A team of researchers from the University’s Centre for Development Studies are calling on the University community to support their fundraising efforts to provide supplies for the communities they work closely with in India who are currently heavily affected by COVID-19.

The team behind ‘WorkFREE’ – a five-year research project exploring the impact of unconditional cash transfers for people living in Hyderabad’s slums – would ordinarily be in India but, due to COVID, are instead turning their attention to raising funds for the people they work with.

They aim to raise £45,000, enough to provide essential kits to support the basic needs of 466 families for three months. The kits include dry food rations, protective masks and gloves, and basic medical supplies; each one costs roughly £35 per month.

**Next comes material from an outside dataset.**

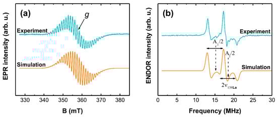 The EPR spectrum exhibits a well-resolved HF structure with approximately 1.15 mT average separation between the lines, which corresponds to a HF coupling value of A ≈ 32 MHz. The number and relative intensities of the lines could be tentatively accounted for in a model with S = 1/2 interacting with four equivalent nuclear spins I = 7/2. From the naturally abundant nuclei in the LaOCl matrix, only 139La have I = 7/2. ENDOR spectra, in general, are determined by the relative magnitude of HF and nuclear Zeeman interactions []. The fact that we observe the ENDOR signal at A/2 ≈ 16 MHz implies that our case corresponds to a Larmor-split HF-centered doublet. Consequently, the nucleus responsible for the EPR spectrum HF structure can be identified from half the distance between the ENDOR lines. As a result, we can estimate that the Larmor frequency is 2.1 MHz directly from the experiment, which is close to the value of 139La at B = 345 mT (the magnetic field at which ENDOR was acquired). The asymmetric shape of the ENDOR signal suggests that the HF interaction is anisotropic. A spin-Hamiltonian (SH) with axial HF interaction was used for EPR and ENDOR spectra simulations:

Coordinator of the fundraising drive, and researcher on the WorkFREE project, Dr Joel Lazarus explained: “As we are all aware from our television screens, the second wave of the Covid pandemic is bringing untold suffering to millions of people across India. For the families we work with, Covid has brought not just sickness and death, but further destitution: it is having a disastrous effect in so many ways.

“At this point in our project we planned to be in India, working with these communities to learn more about the potential for cash transfers to empower individuals and their families, but obviously we cannot be there. We are responding by doing what we can to support our research partner communities in their hour of greatest need.

“We are asking you, the wider Bath community, to help us to provide this most urgent support by donating to and sharing our campaign widely. Our local NGO partner, Montfort Social Institute, has been working with our partner communities for over a decade, so they are ready to distribute the essential kits. Your money really will make a huge difference to the lives of these families.”

You can find more about their fundraising efforts here https://milaap.org/fundraisers/support-communities-of-garbage-collectors.

The WorkFREE project is funded by the European Research Council and the team are working alongside colleagues at the Montfort Social Institute (MSI). The project is focused on waste collector communities living in Hyderabad’s slums to explore possibilities of empowerment and transformation through a combination of Unconditional Basic Income and Participatory Action Research.